The present study explores stakeholders’ perspectives on how a preclinical CR curriculum contributes to students’ CR development.
Methods
Study design
We conducted a qualitative descriptive [10] study using focus groups [11] to delve into stakeholders’ different perspectives on how the intended preclinical CR curriculum was experienced and how it contributed to students’ CR development. This methodology was selected to describe participants’ views and experiences without imposing a priori theoretical interpretations. This research project received approval from the institutional review board (#2022-3650). All participants gave their consent to participate in this study.
To provide a context for interpreting our findings, we first describe the educational setting in which the study was conducted. Although the curriculum was implemented prior to the publication of the recommendations by Cooper et al. [1], we previously conducted a document analysis to inform the present study and observed a strong alignment between the CR curriculum and the CReME recommendations. This alignment provided the relevance for examining how this specific CR curriculum is experienced by stakeholders in practice. Moreover, since the program was in its sixth year of implementation, this experience could help stakeholders share their perspective.
Context of the study
A renewal of the four-year undergraduate medical program took place in 2017 at a francophone university in Canada (Université de Sherbrooke in Québec). The program, on four sites across a vast geographical distribution, with about 210 students per cohort, entails two and a half years of preclinical studies and 18 months of clerkship. The curricular approach can be described as competency-based, problem-oriented, longitudinal, interdisciplinary, with spiral integration.
From the very first year and throughout the program, CR is explicitly taught and embedded within the teaching of basic and clinical sciences from diagnosis to management, history-taking, physical examination, communication skills, collaboration and professionalism, highlighting the pivotal role of patients as partners in the entire clinical process.
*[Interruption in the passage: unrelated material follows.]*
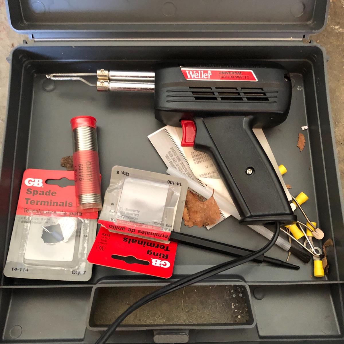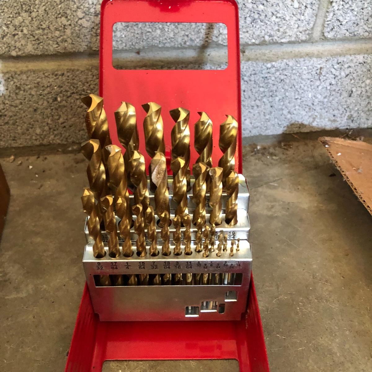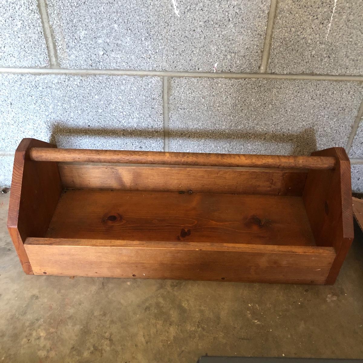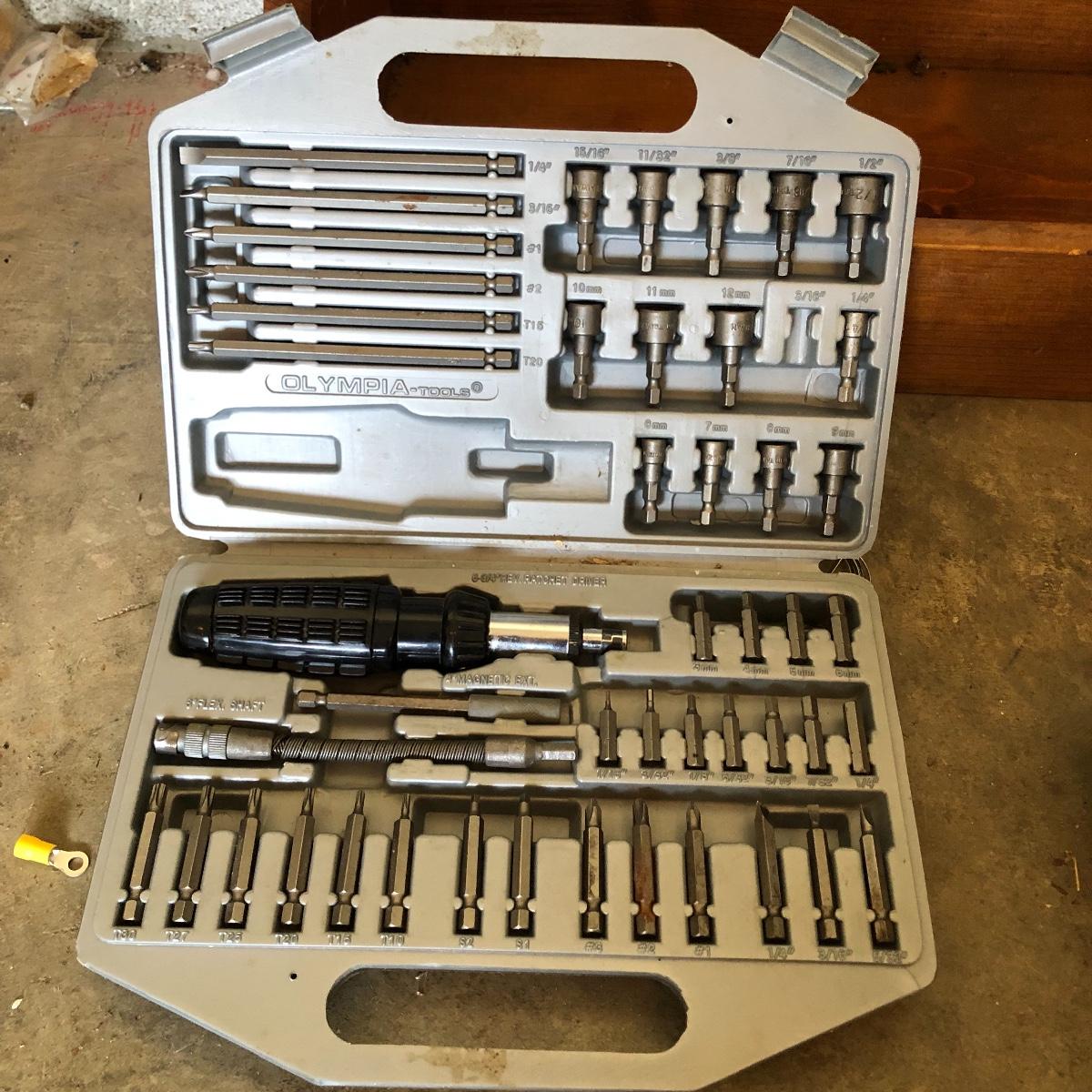 Lot includes Worksmith Drill bits, Craftsman Speed-Lok drill bits, Weller soldering iron, Olympia screwdriver set and a wooden toolbox. Wooden box measures 10” x 24” x 9”.

The design is based on a CR definition similar to Daniel’s [12]: “A skill, process, or outcome wherein clinicians observe, collect and interpret data to diagnose and treat patients. Clinical reasoning entails both conscious and unconscious cognitive operations interacting with contextual factors such as the patient’s unique circumstances and preferences and the characteristics of the practice environment” (p. 902). The following theoretical frameworks constitute the foundation of the development of clinical reasoning in the curriculum: theory of medical expertise (knowledge development and organization and illness scripts [13]), and dual process theory [14]. The teaching strategies listed by Cooper et al. [1] are operationalized through a variety of methods deliberately sequenced and all organized around clinical problems of increasing complexity over the course of training. The first two years are structured into 23 learning units (LU), each lasting four to six weeks and centred on two to three undifferentiated clinical problems. Ten integration weeks (IW) are interspersed throughout the first two years to revisit and consolidate the content covered. Each LU-IW exemplifies the fully integrated preclinical educational process aimed to support CR development and will be the specific context of the present study described below.
Description of a Learning Unit and Integration Week
To better illustrate the educational design, we will describe a specific LU of the second year: the Thoracic syndromes LU. During this LU, students go through the content related to three clinical problems (1- Palpitations and Syncope; 2- Chest Pain; and 3- Dyspnea, Cough, and Bronchospasm) while pursuing learning objectives directly and explicitly linked to CR domains as well as to specific diagnostic entities. For each problem, the content is systematically organized within a general diagnostic framework, provided to students as an outline, which highlights the diagnostic entities addressed during the LU. Then, for each clinical problem and for each CR target, specific learning objectives delineate the knowledge to be acquired by students (e.g., basic sciences, clinical sciences, history and physical examination, laboratory, pharmacology, communication) to enable students to reason through the problem and determine a general management plan. These specific objectives are distributed across the different teaching methods (e.g., Problem-based learning [PBL]; Team-based learning [TBL]; Clinical Skills Communication and Professionalism [CSCP], workshops: see Supplementary file 1) through deliberate, explicit content mapping. Figure 1 illustrates this organization with a sample for one problem (Palpitations-Syncope) and one CR target that is “Search relevant clinical data”.
Figure 1
CR learning targets linked to a diagnostic framework for palpitations and syncope. The example illustrates specific learning objectives for “searching relevant clinical data”, each mapped to teaching methods designed to support achievement of objectives.
PBL = Problem-based learning; TBL = Team-based learning; CSCP = Clinical Skills Communication and Professionalism.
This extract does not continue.